Do you know what annoys me? People who don’t do their damn jobs. That’s who.

So I hold the same position as a few other people in the company. We all have the same job. We have the same amount of work. Yet there are always those people who are too busy to do damnwell anything. How is it that I manage to do my job, the job of a position that has not yet been filled as well as assist you to do your job? How is it possible that I can do so much in a day and you are unable to even get through the basic work that comes along with that salary that you draw every month?

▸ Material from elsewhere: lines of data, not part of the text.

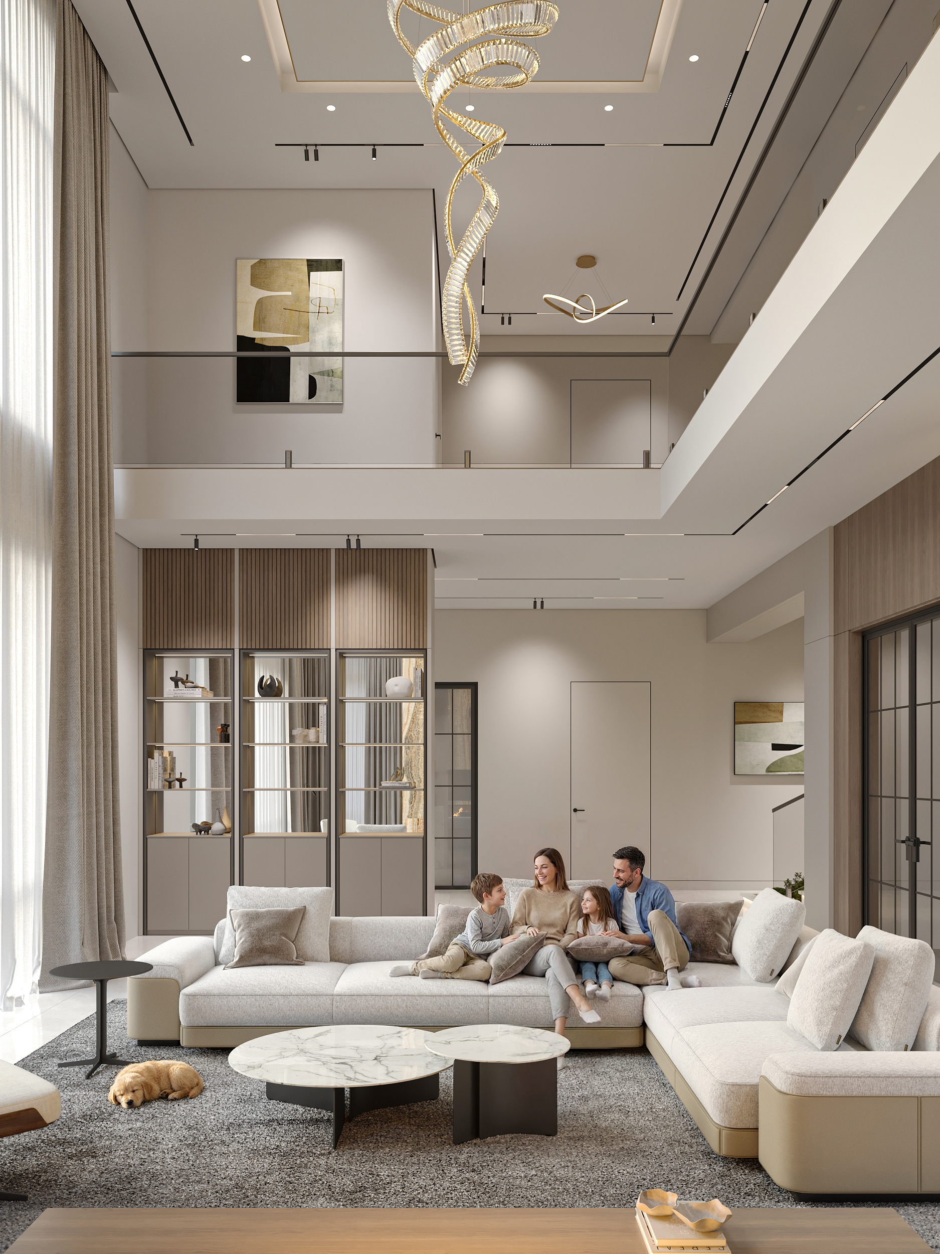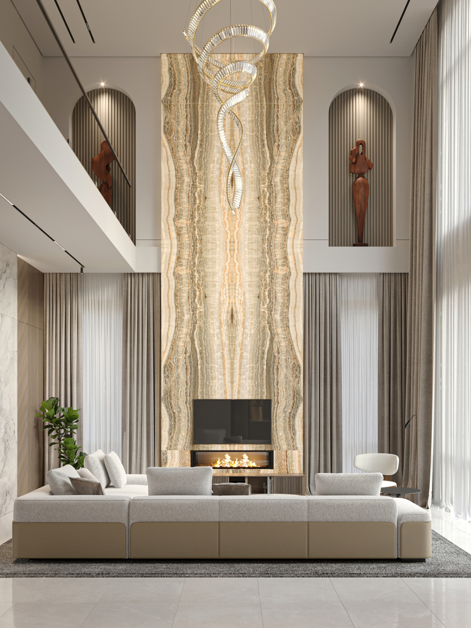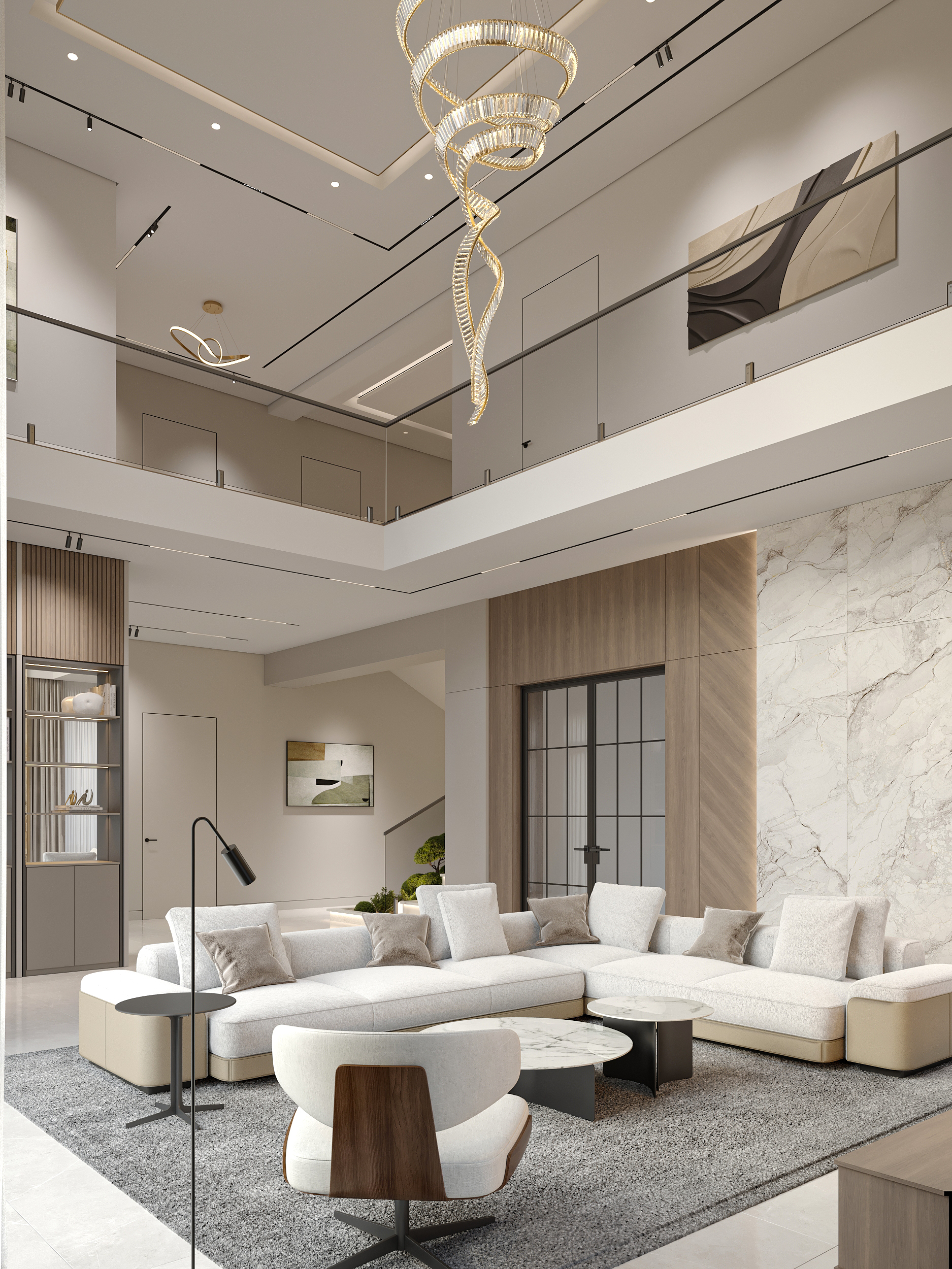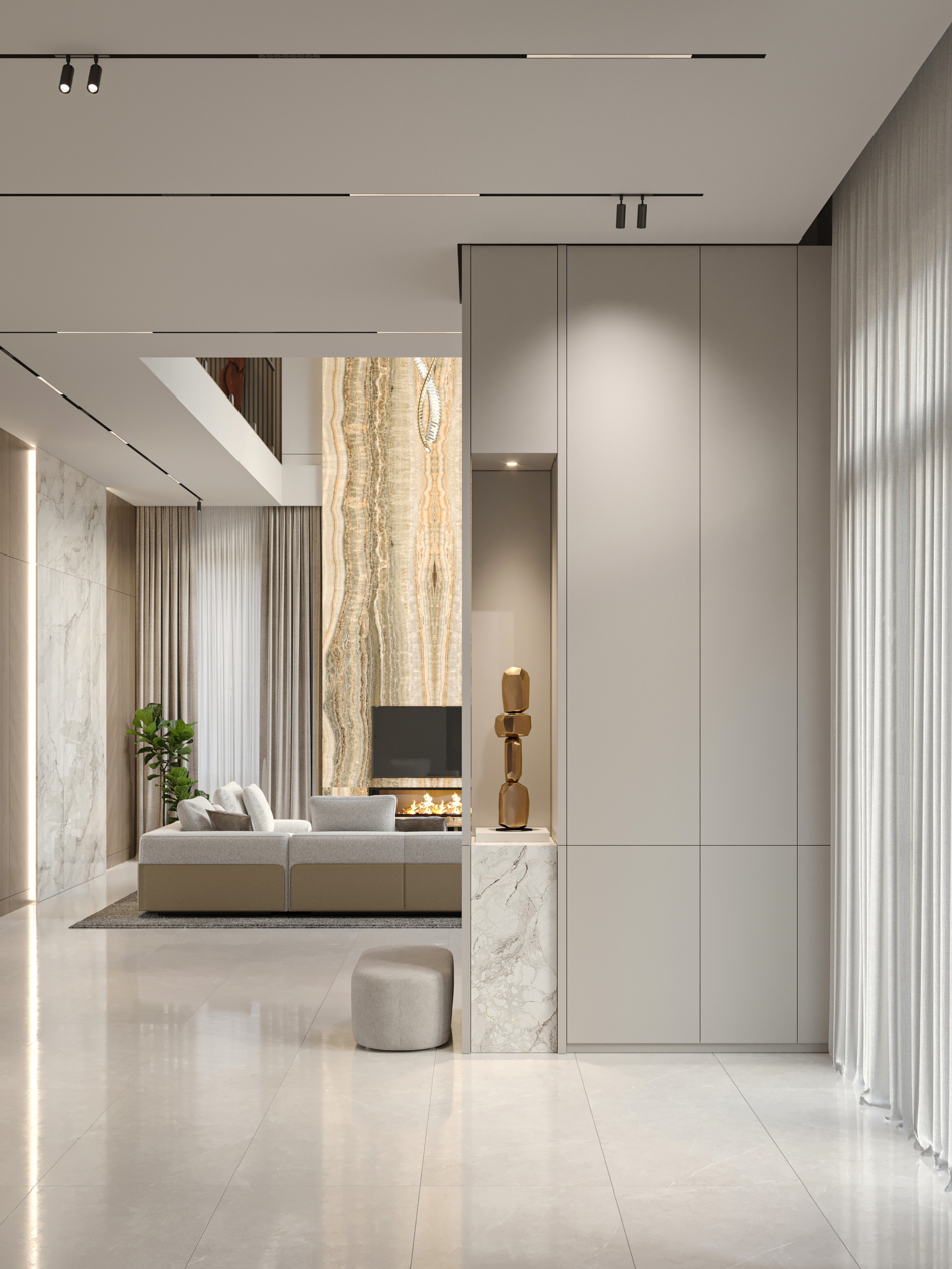 Modern double-height living room interior in a warm minimalist style. Soft natural tones, elegant lighting, and clean architectural lines create a calm and sophisticated atmosphere.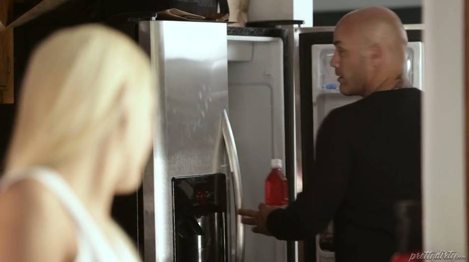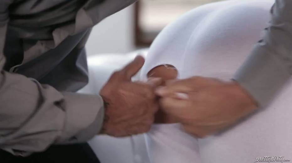 Hot blooded bald headed dude fucks blonde in ripped yoga pants Kenzie Taylor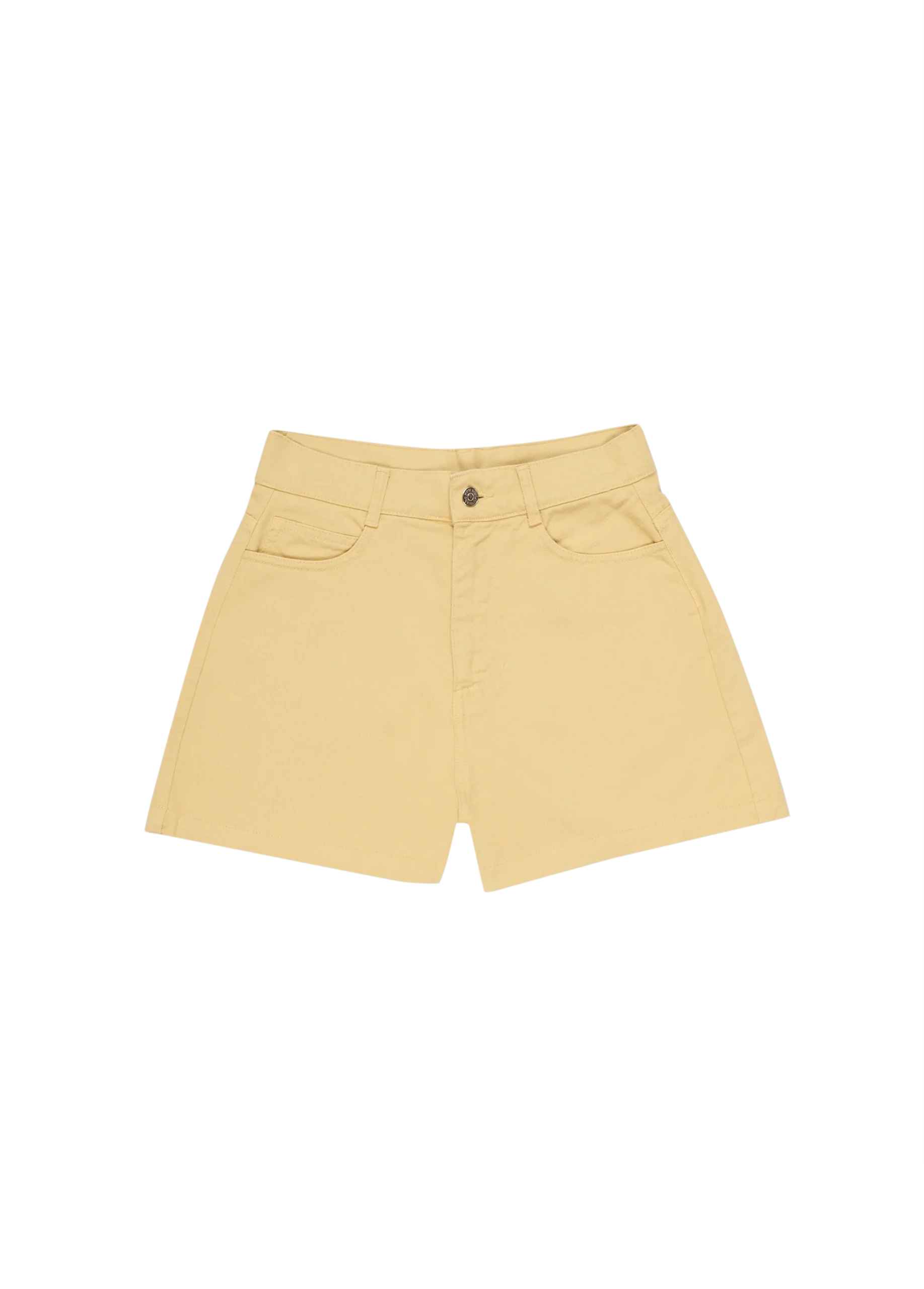 Pantaloncino in jeans a vita alta, con tasche laterali e nella parte posteriore. Vestibilità regolare ed elasticizzato in vita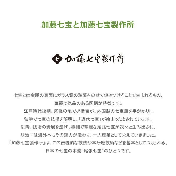 七宝とは金属の表面にガラス質の釉薬をのせて焼きつけることで生まれるもの、華麗で気品のある図柄が特徴です。江戸時代後期、尾張の地で梶常吉が、外国製の七宝皿を手がかりに独学で七宝の技術を解明し、「近代七宝」が始まったとされています。以降、技術の発展を遂げ、繊細で華麗な尾張七宝が次々と生み出され、明治には海外へもその魅力が伝わり、一大産業として栄えていきました。「加藤七宝製作所」は、この伝統的な技法や本研磨技術などを基本としてつくられる、日本の七宝の本流”尾張七宝”のひとつです。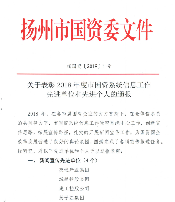 集團(tuán)榮獲2018年度市國(guó)資系統(tǒng)信息工作一等獎(jiǎng)和新聞宣傳先進(jìn)單位稱(chēng)號(hào)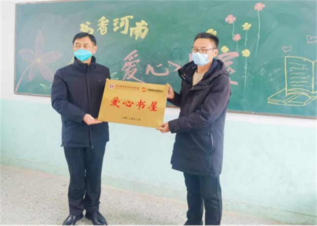 調研走訪期間,舉行了河南醫(yī)學高等?茖W校為夏邑縣何營鄉(xiāng)中心小學、郭莊農貿區(qū)郭莊小學捐建的“愛心書屋”啟用儀式,孫韜校長分別為兩所學校“愛心書屋”授牌。這次捐建的“愛心書屋”是在學校第一批捐建基礎上進行優(yōu)化,結構組成、圖書種類更合理,每所“愛心書屋”有6組書柜,并精心挑選了價值11萬余元、適合少年兒童閱讀的各類圖書3200多冊,努力滿足學校師生“多讀書、讀好書”的需求,培養(yǎng)廣泛興趣,樹立遠大理想,為孩子們健康成長打牢基礎。啟用儀式上,河南省扶貧基金會王品主任為學校頒發(fā)了捐贈證明和榮譽證書。

I am literally sitting in my office listening to a college tell people over the phone that she is too busy to meet with them now as they missed the meeting by two hours. This is a complete and utter lie. They were here 15min after the meeting time. Now sure we all hate late people but it is not their fault that you then went to another meeting for the past two hours, they can’t help that they have been in reception waiting for you for the past two hours.

I am frustrated with people and their lack of work ethics. I am frustrated with people that want to get the salary but not do the work. I am frustrated with people my age that give the rest of us young people a bad name. I work my ass off for my position and I don’t appreciate being grouped in with all the rest of those who really don’t do anything at all.